If a column obtained from the reader contains the value null, Kafka Writer replaces null with the value of the nullValueFormat parameter. If you leave the nullValueFormat parameter empty, Kafka Writer retains the value null.

No

acks

The acknowledgment configuration used when the Kafka producer is initialized. This parameter specifies the method used to confirm that data is written to Kafka. Default value: all. Valid values:

  • 0: A Kafka producer does not acknowledge whether data is written to the destination.

  • 1: A Kafka producer acknowledges that the write operation is successful if data is written to the primary replica.
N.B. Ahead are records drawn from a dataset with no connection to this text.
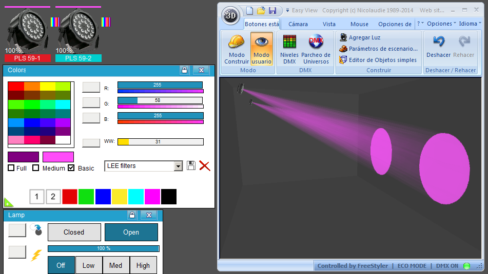 Esta Librería SSL2 está optimizada para trabajar con Magic 3d Easy View. Es decir para ver una representación 3D de las secuencias que estemos realizando con Freestyler, QLC+ o cualquier otro soft que se conecte con Magic 3d.
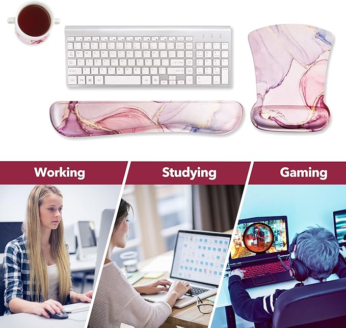 AIMSA Ergonomic Keyboard Wrist Rest and Mouse Pad with Wrist Support Set, Memory Foam Non-Slip Rubber Base, for Home, Office, Easy Typing, Pain Relief, Pink Purple Marble
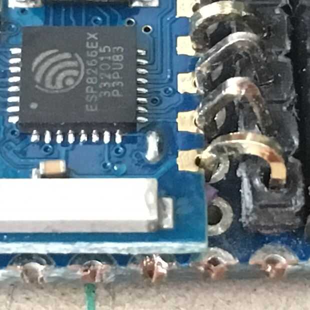 ESP-03 tiene un pequeño puente cerca de Vcc pin, este es el puente para conectar patillas GPIO16 y reset. Para facilitar la función de reset para la placa de pruebas, es necesaria para este puente a corto. Simplemente soldadura que este puente puede hacerlo.
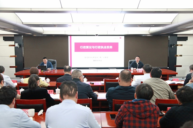 会上,江胜超从行政复议工作与复议体制改革谈起,解读了行政复议制度的功能与特征、行政复议体制改革及其影响,结合我省行政复议案件办理情况,分析了行政复议案件的办理要点,深入浅出地将法律条文和法律实务相结合,加深了与会人员对行政复议法律制度的理解和认识。
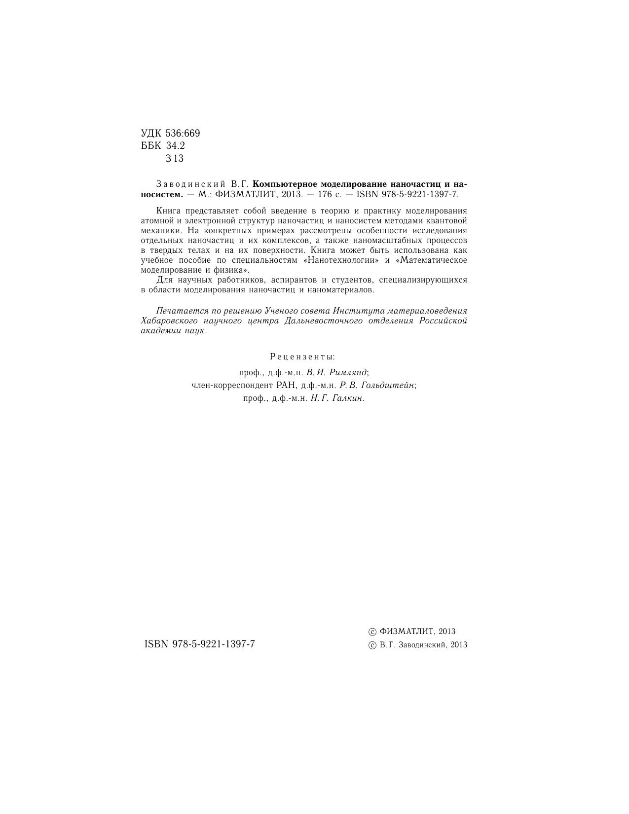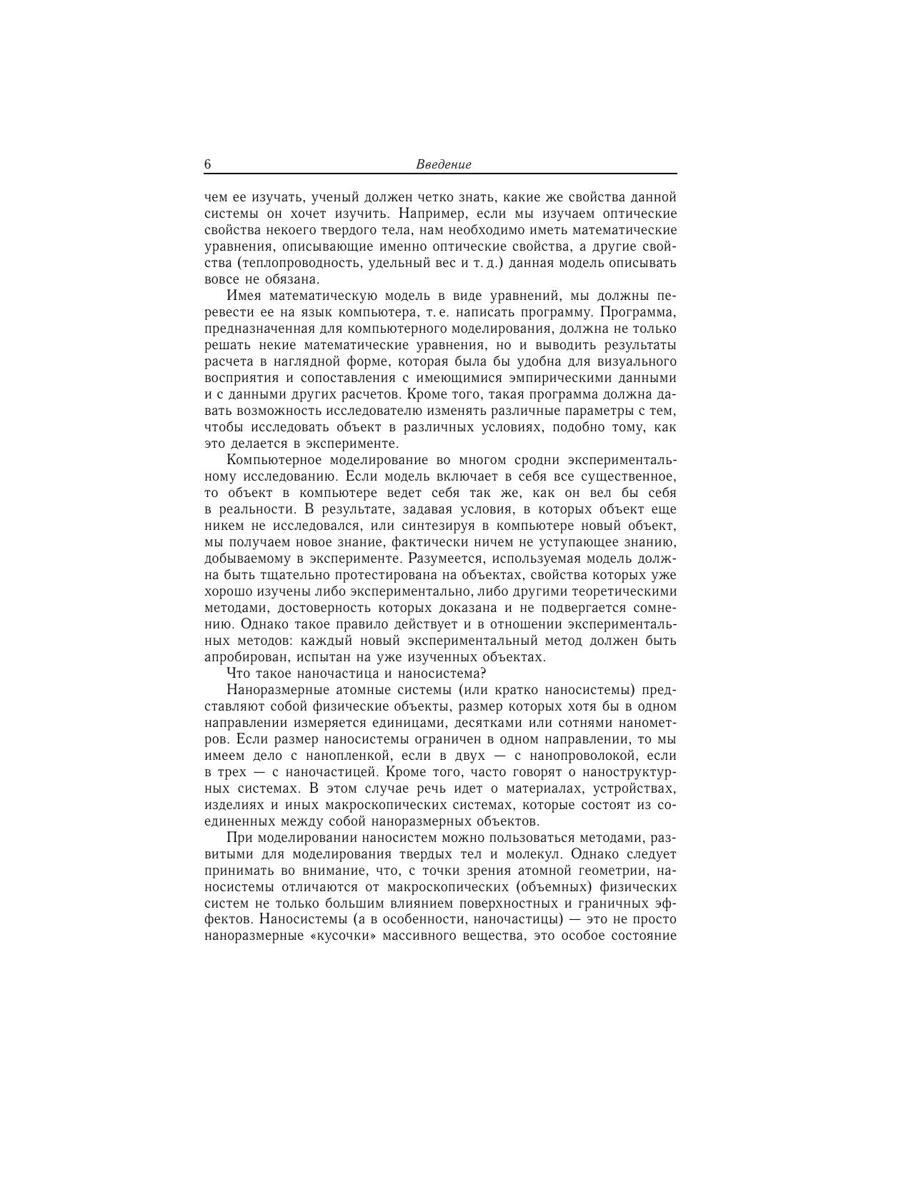Книга представляет собой введение в теорию и практику моделирования атомной и электронной структур наночастиц и наносистем методами квантовой механики. На конкретных примерах рассмотрены особенности исследования отдельных наночастиц и их комплексов, а также наномасштабных процессов в твердых телах и на их поверхности. Книга может быть использована как учебное пособие по специальностям «Нанотехнологии» и «Математическое моделирование и физика».Для научных работников, аспирантов и студентов, специализирующихся в области моделирования наночастиц и наноматериалов.

  • all: A Kafka producer acknowledges that the write operation is successful if data is written to all replicas.

No

Appendix: Configure the formats of messages written to Kafka

After you configure a real-time synchronization task, you can run the task to read all the existing data in the source and write the data to the destination Kafka topics in the JSON format. You can also run the task to write incremental data to Kafka in real time. In addition, incremental DDL-based data changes in the source are also written to Kafka in the JSON format in real time. For more information about the formats of messages written to Kafka, see Appendix: Message formats.

Note

If you run a batch synchronization task to synchronize data to Kafka, the payload.sequenceId, payload.timestamp.eventTIme, and payload.timestamp.checkpointTime fields are set to -1 in the messages written to Kafka. The messages are in the JSON format.